- [Dataset extract]:
•••••
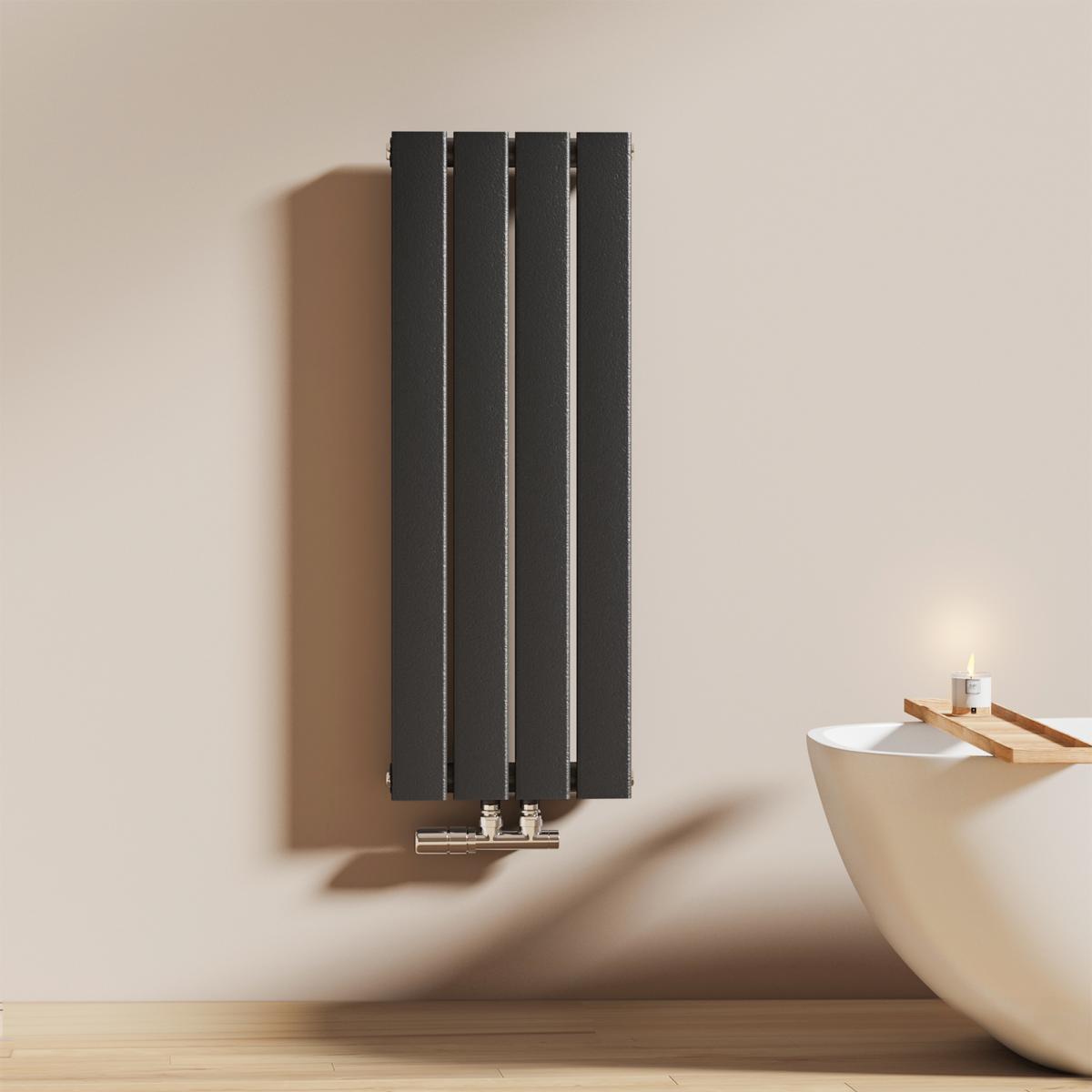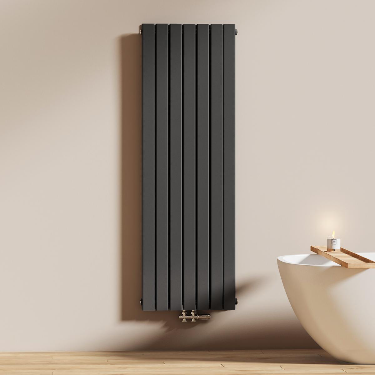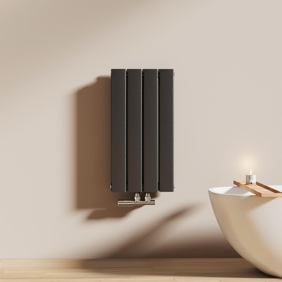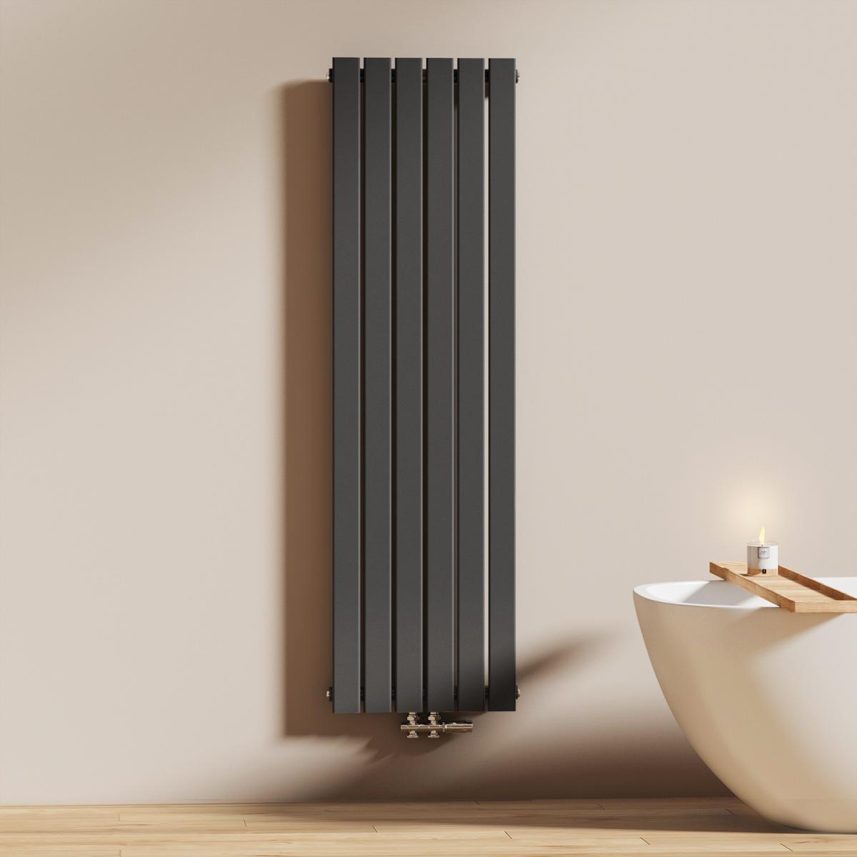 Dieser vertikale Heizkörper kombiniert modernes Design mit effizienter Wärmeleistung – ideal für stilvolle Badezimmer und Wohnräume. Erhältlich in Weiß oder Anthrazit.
•••••
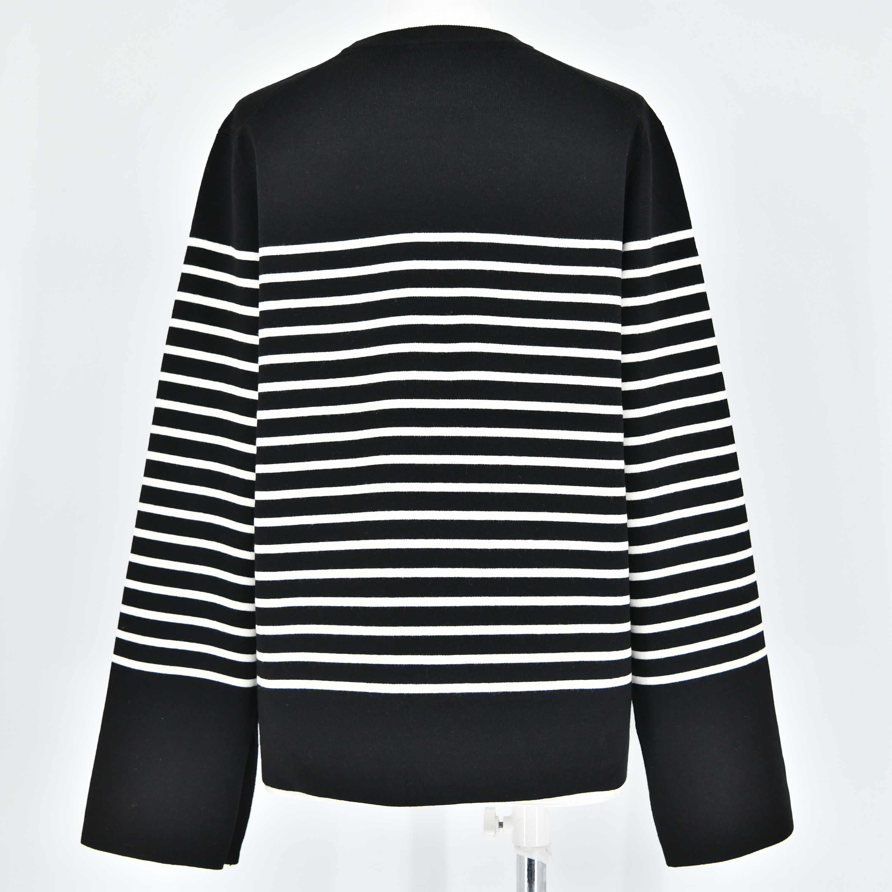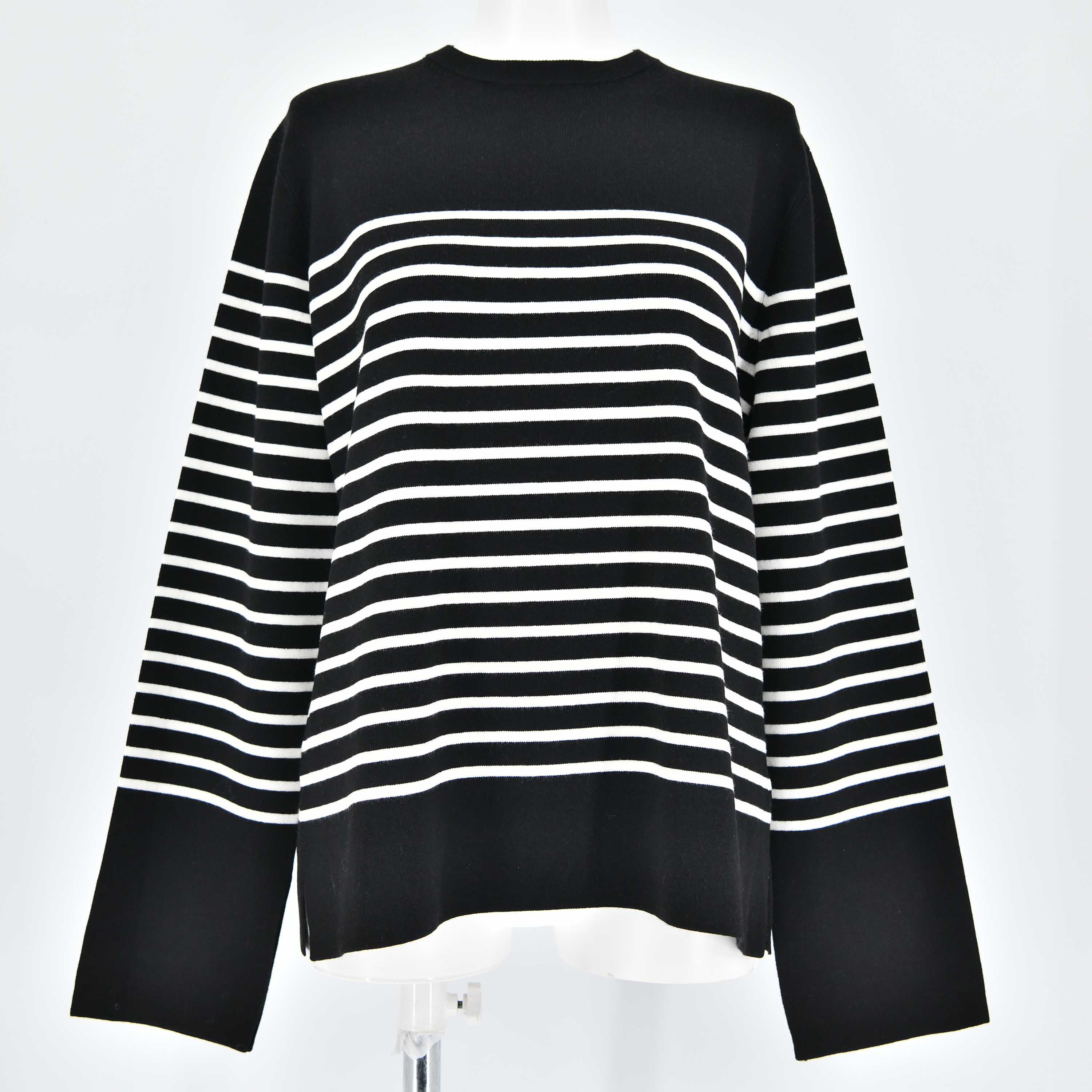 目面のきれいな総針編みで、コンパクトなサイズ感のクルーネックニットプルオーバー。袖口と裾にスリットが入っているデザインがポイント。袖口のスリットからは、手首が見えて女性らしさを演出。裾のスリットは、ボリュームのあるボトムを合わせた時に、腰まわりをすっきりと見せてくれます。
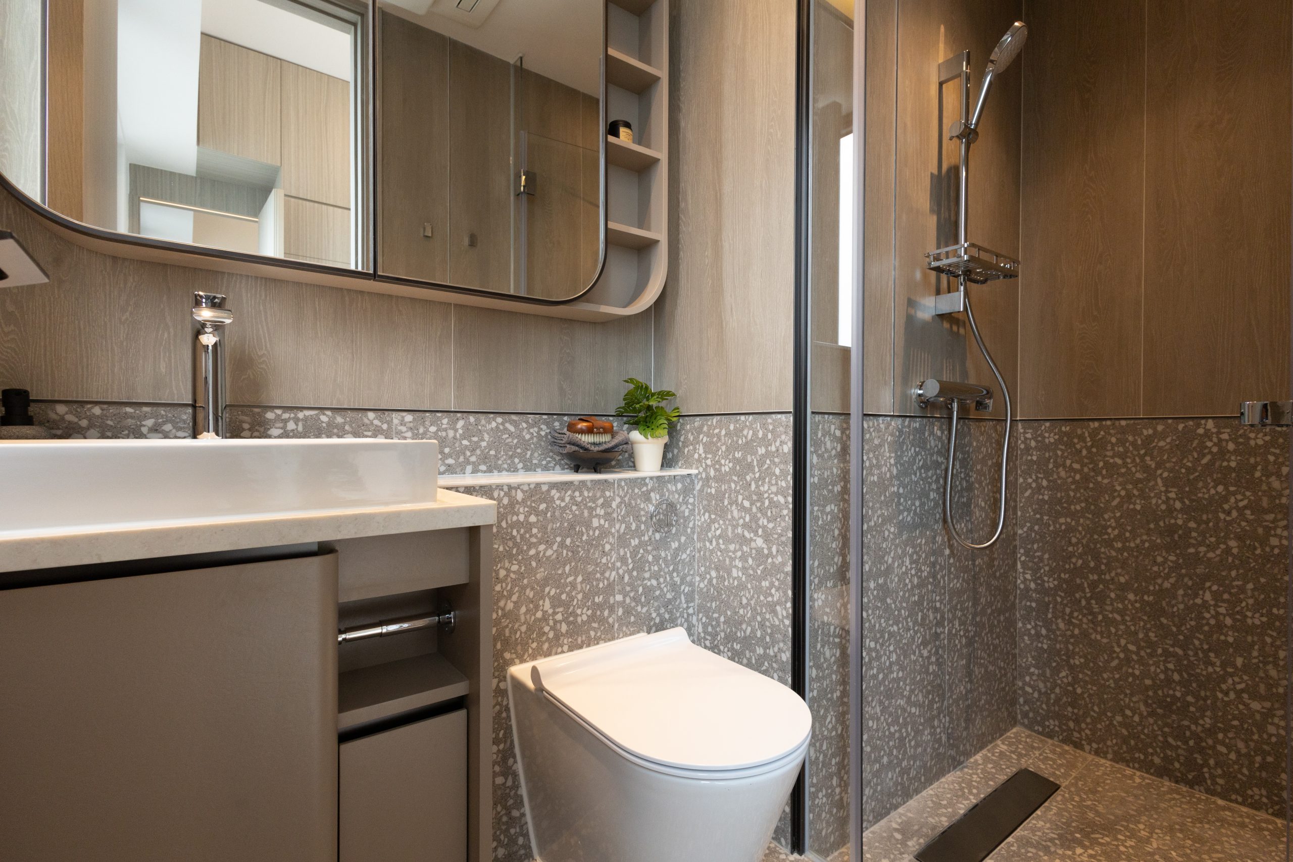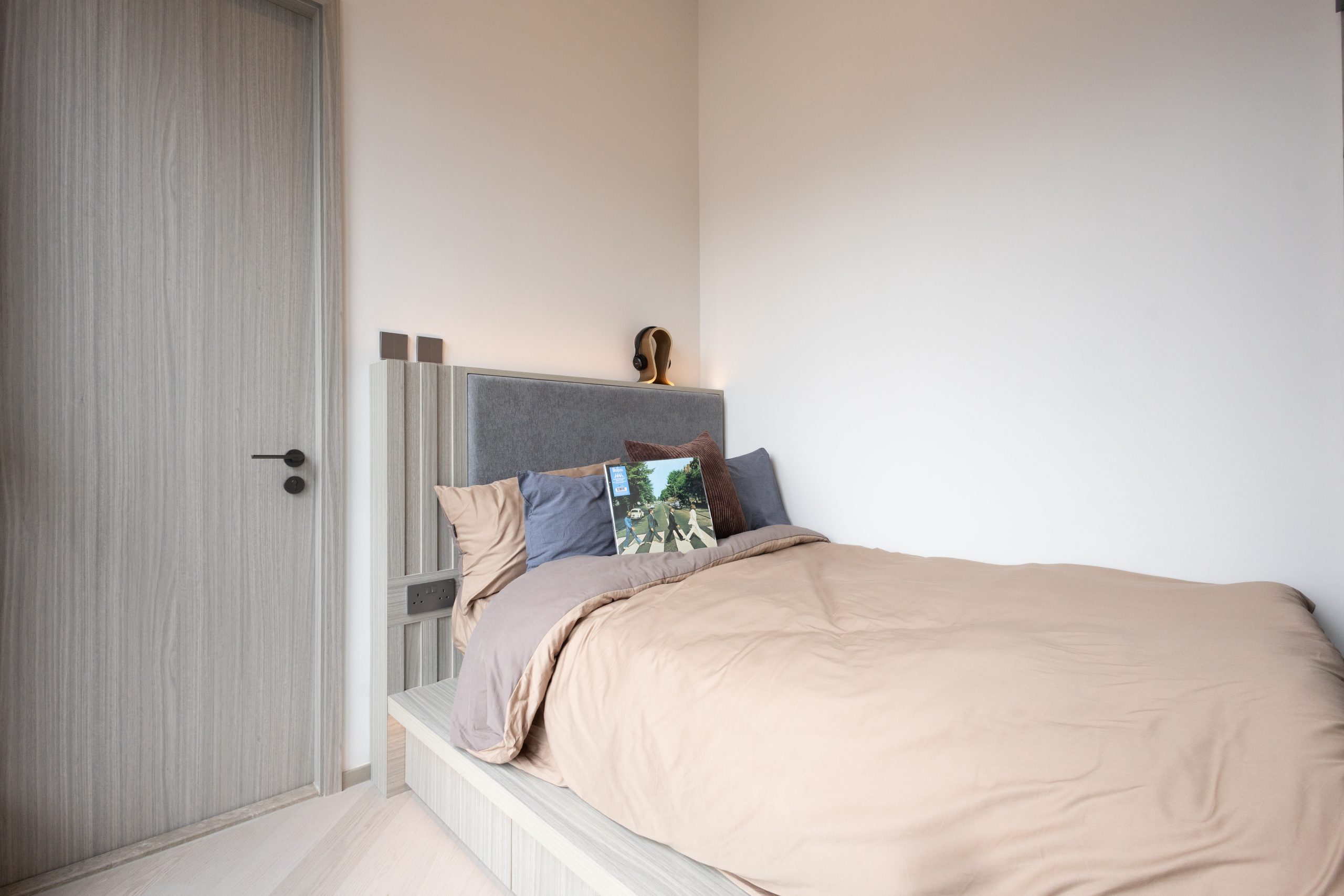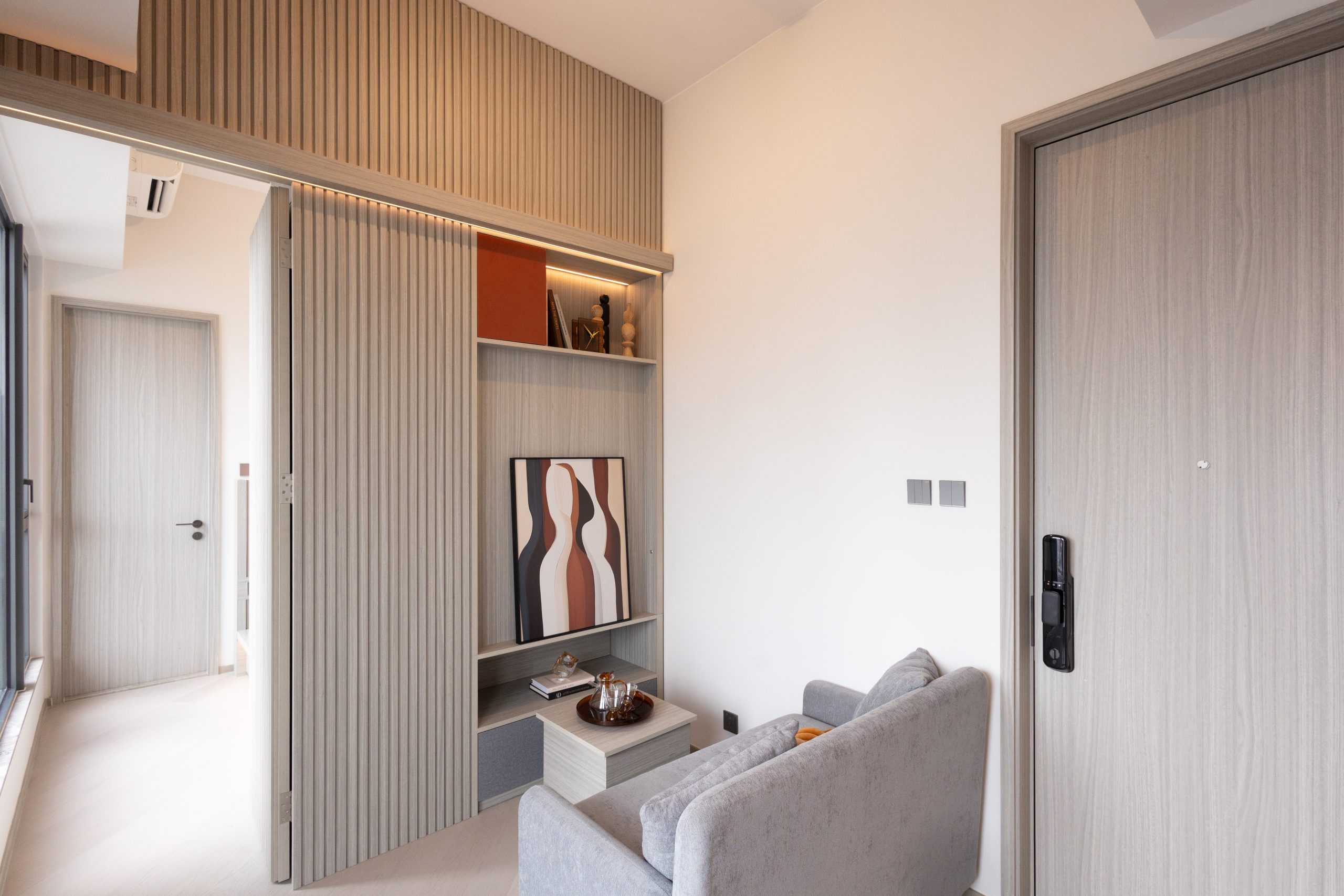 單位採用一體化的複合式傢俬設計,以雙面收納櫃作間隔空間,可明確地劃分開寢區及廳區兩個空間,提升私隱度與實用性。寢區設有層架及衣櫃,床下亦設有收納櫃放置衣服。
•••••
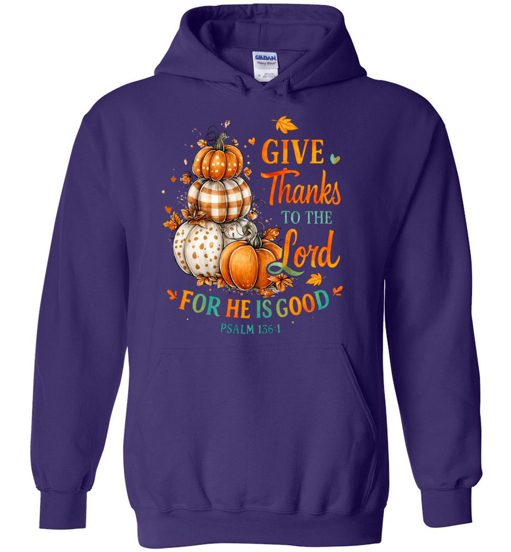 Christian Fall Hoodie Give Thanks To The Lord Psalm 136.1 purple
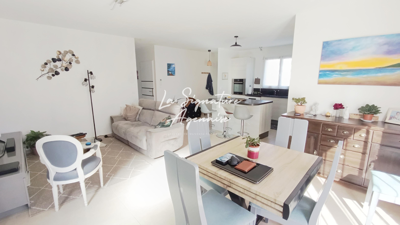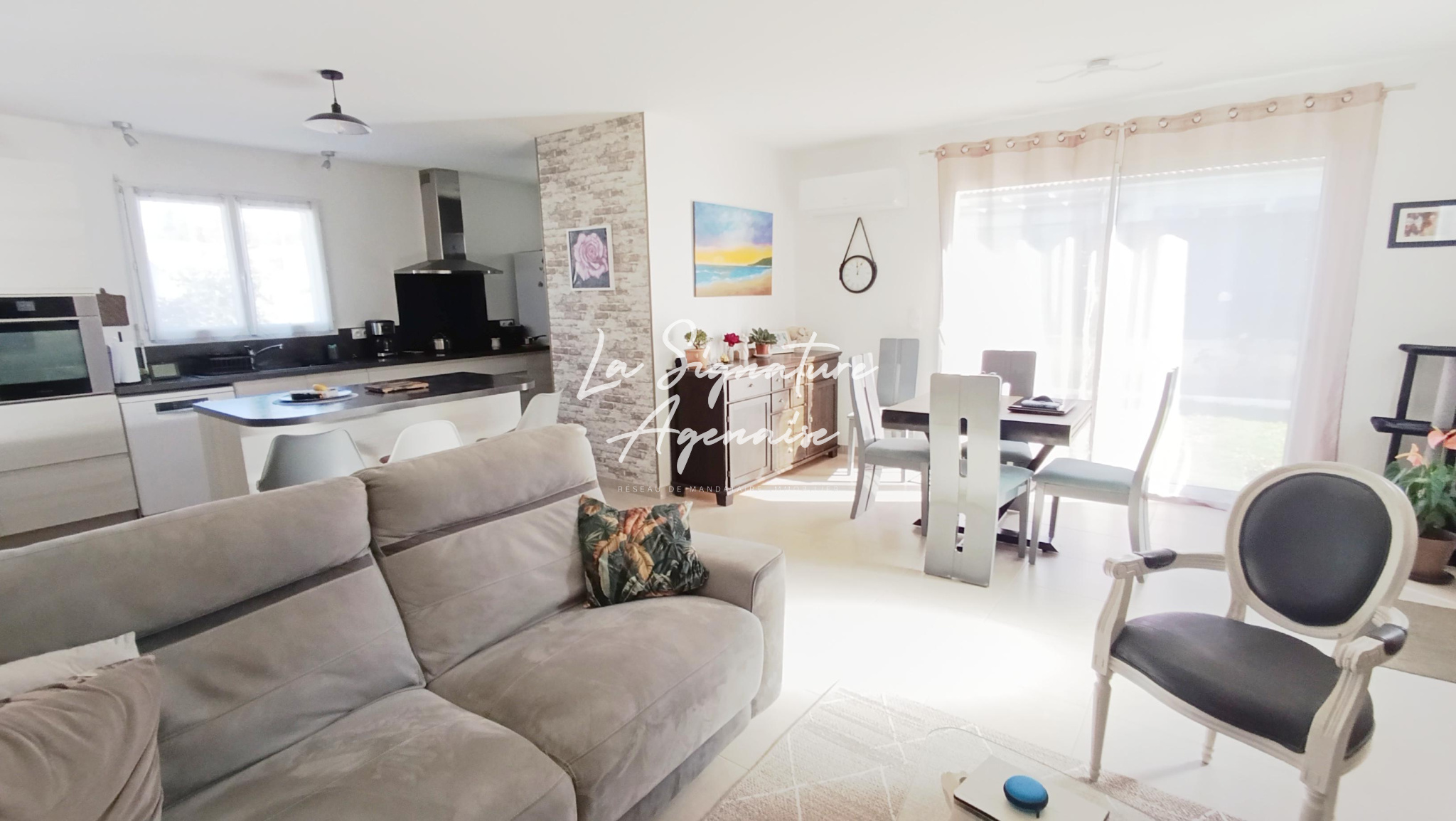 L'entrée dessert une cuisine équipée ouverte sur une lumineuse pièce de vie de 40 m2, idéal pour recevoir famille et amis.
•••••
- [Task goal]:
Since the pictures are not part of the copy, please transcribe only the lines above from the one with "目面のきれいな総針編みで、コ" through the one with "單位採用一體化的複合式傢俬設", exactly and with both ends.

- [Exercise answer]:
 目面のきれいな総針編みで、コンパクトなサイズ感のクルーネックニットプルオーバー。袖口と裾にスリットが入っているデザインがポイント。袖口のスリットからは、手首が見えて女性らしさを演出。裾のスリットは、ボリュームのあるボトムを合わせた時に、腰まわりをすっきりと見せてくれます。
 單位採用一體化的複合式傢俬設計,以雙面收納櫃作間隔空間,可明確地劃分開寢區及廳區兩個空間,提升私隱度與實用性。寢區設有層架及衣櫃,床下亦設有收納櫃放置衣服。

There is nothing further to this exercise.